Reviews

The Ashes (Nottingham)

Cricket lovers aside, an evening in the theatre devoted to the intricacies of the controversial “bodyline” test match way back in the 1930s ought to make for a pretty dull night out.

So writer Michael Pinchbeck and director Giles Croft, who commissioned this work for the Playhouse in celebration of one of the county’s local heroes, deserve warm congratulations for crafting a truly engrossing drama out of what for most people remains a complicated and inaccessible sport.

Theatregoers worried by the play’s cricketing theme can rest assured that they won’t need an encyclopaedic knowledge of the game or anything like it to enjoy the very human story behind this still controversial slice of our sporting history.  

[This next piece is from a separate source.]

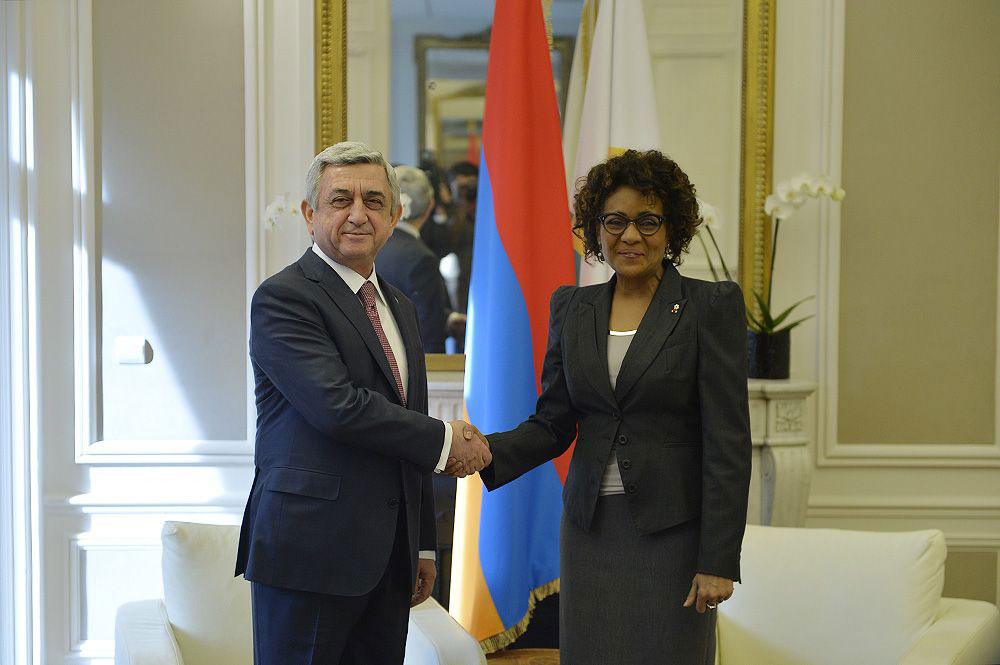 Ֆրանսա այցելութեան ծիրին մէջ նախագահ Սերժ Սարգսեան երէկ Ֆրանսախօս երկիրներու միջազգային կազմակերպութեան կեդրոնին մէջ հանդիպում ունեցած է կազմակերպութեան ընդհանուր քարտուղար Միքայէլ Ժանին հետ: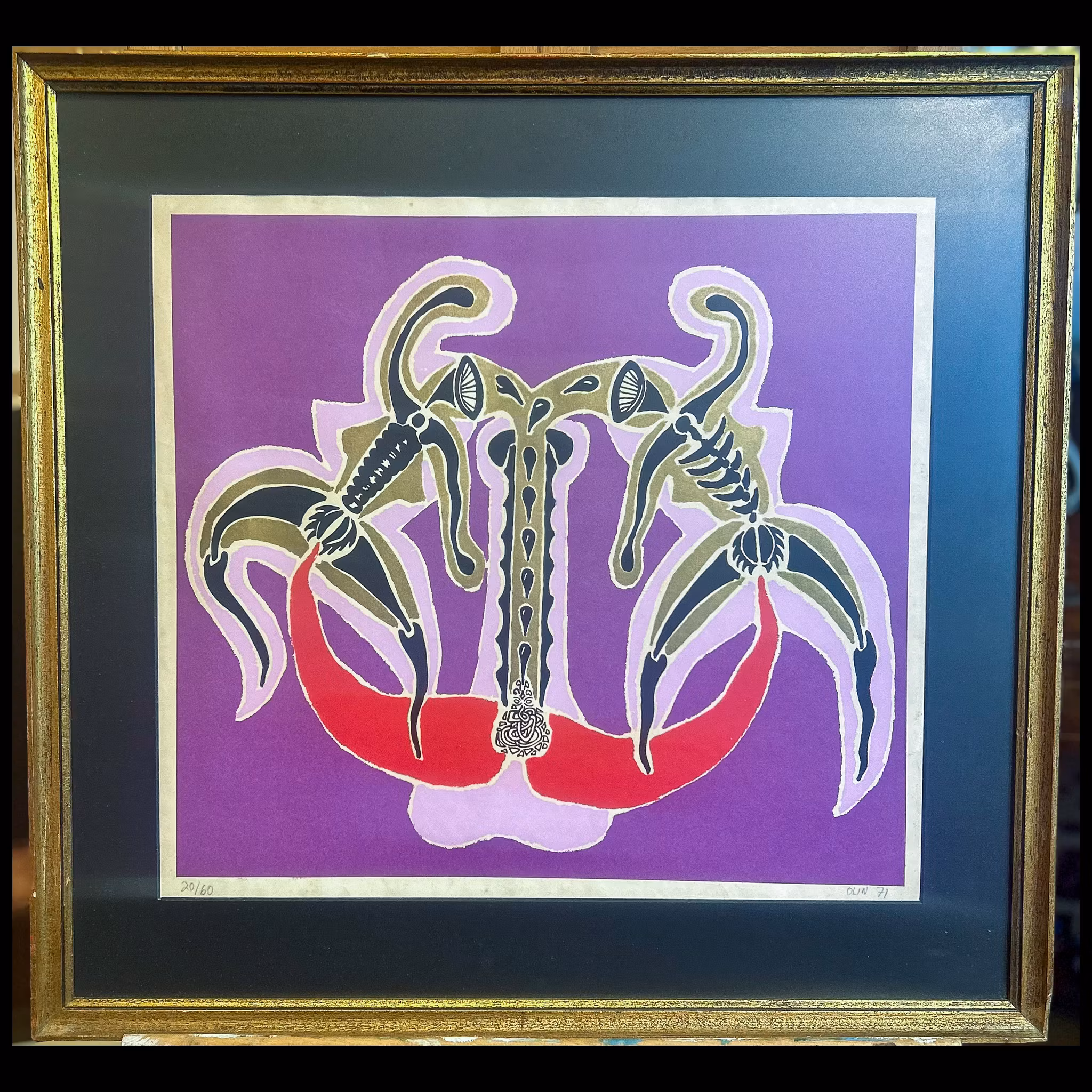 Signerad och numrerad Olin 20/60, färglitografi med abstrakt motiv. Bildmått: 38x41 cm, yttermått inkl ram: 55x58 cm.

In 1932 England needed to come up with a radical new set of tactics to take on the Australians, and in particular their legendary batsman Donald Bradman who had inflicted a humiliating defeat against us in the previous Ashes series. Spotting a weakness in his play they devised a new ploy – bowling “leg theory” which meant delivering fast balls aimed at the batsman rather than the wicket. “Bodyline” as it was called just wasn’t cricket according to the purists, leading to nasty injuries among the receiving batsmen and a rough ride from both the Australian crowds and the players.

At the heart of the controversy was England’s fast bowler Harold Larwood, (Karl Haynes making a wholly credible working class hero – think Ian Botham but blessed with down-to-earth modesty) a former miner who learned his craft and gained a fearsome reputation for speed and accuracy playing professional cricket for Nottinghamshire. England won the series and reclaimed the Ashes but the controversial tactics tested political relations between this country and Australia to breaking point.

Larwood was essentially a foot soldier commanded by his autocratic skipper Douglas Jardine (Jamie de Courcey striking just the right note as the remote and belligerent England captain) to give the Aussies a hard time. His stunning performance should have made him a national hero, instead both he and Jardine found themselves cast aside by cricket’s ruling body and he quit the professional game just four years later while in his early 30s.

In a play as much about Britain’s class structure and the shadow of colonialism the cast of seven flawlessly recreate events both on and off the field. Against the background of Barret Hodgson’s very effective AV screens which seamlessly blend Pathe newsreels with contemporary photos and vitally important signposting, Robin Bowerman, Sarah Churm, Damian Warren-Smith and Daniel Hoffman-Gill take on a wide variety of parts with Paul Trussell particularly effective as Frank Foster, the unwitting architect of the English bowling tactics.